The legacy of dependency: A baseline of indebtedness and stagnation

“The rosy predictions for revenues and reduced healthcare spending can come to fruition, but not with the current socialist policies as the baseline.”

The budget season has officially commenced today with CBO’s release of its annual budget and economic outlook.  Here are some of the major takeaways from the report:

FY 2012 Budget

The topline figure that the media will focus on is the projected $1.070 trillion budget deficit for FY 2012, down from $1.3 trillion last year.  However, as CBO notes several times throughout the report, the reduction in this year’s deficit is predicated on several assumptions.

1)      Revenues:  The entirety of this year’s deficit reduction comes from higher projected revenues, roughly $220 billion.  CBO is forced to score current law, which assumes that the payroll tax cut will expire at the end of February.  Another 10-month extension, which is almost a forgone conclusion, would cost over $100 billion.  Also, the CBO baseline does not include a likely AMT patch, and extension of many annual “tax extenders,” such as the credit for research and development.  It’s very likely that the extensions will wipe out the entire revenue gain from this year over 2011, thereby eliminating the reduction in the deficit.
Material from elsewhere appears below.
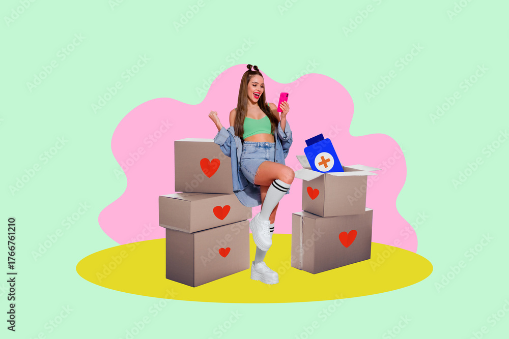 Collage of young woman man toward donation jar with hearts symbolizing charity blood donor day volunteer support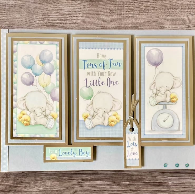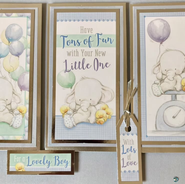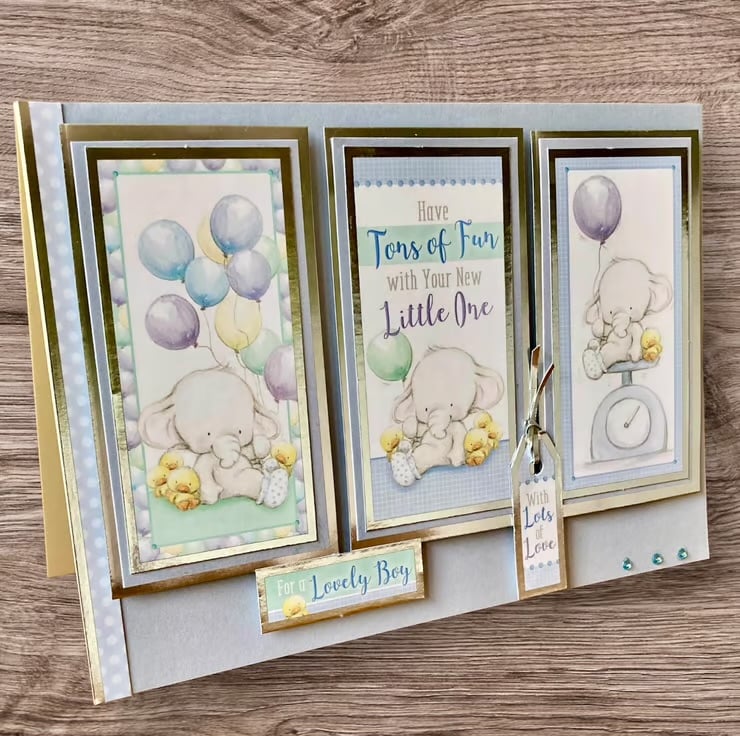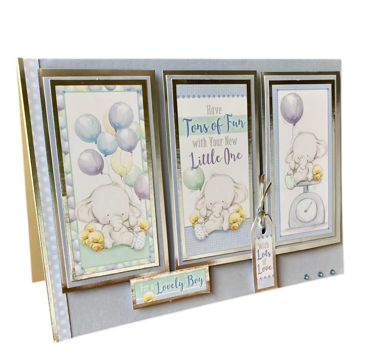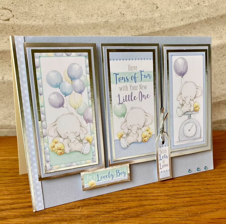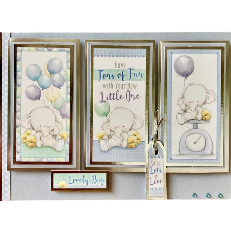 The cream base card has been layered with a pale blue paper. Three toppers that are layered with silver mirror card have been added, these feature cute little elephants and the sentiment Have Tons of Fun with your Little One. Two additional toppers with the words for a lovely boy with lots of love finish the card.

2)      Outlays:  CBO is projecting $3.601 trillion in spending, up just $3 billion from last year.  Obviously, this projection does not account for a full-year extension of unemployment benefits and doc fix, which could add as much as $70 billion to this year’s spending total.

3)      Defense:  Outlays for defense will be reduced by another $20 billion.

When these factors are accounted for, it is clear that non-defense discretionary spending will not decrease significantly, while mandatory spending will continue to rise.  If you assume the alternative scenario, in which most of the temporary tax and spending measures are extended, the deficit should be about the same as last year; around $1.3 trillion.  In other words, there will be slightly more revenue this year, but increased spending as well.

10-Year Budget Frame: 2013-2022:

Over the next 10 years, CBO is projecting $41.179 trillion in revenues and $44.251 trillion in spending, for a deficit of $3.072 trillion.  The $3 trillion figure is a real lowball estimate of our projected debt for several reasons.  Under that scenario, our annual deficits would dip to $450 billion in just two years, and stay below $400 billion indefinitely.  They are assuming rosy pictures of revenue increases, along with the expiration of the Bush tax cuts.  Furthermore, CBO notes, that Medicare and Medicaid spending have always increased above expectations, and with Obamacare taking effect, the real cost of healthcare spending will blow out the budget deficits – way beyond $3 trillion.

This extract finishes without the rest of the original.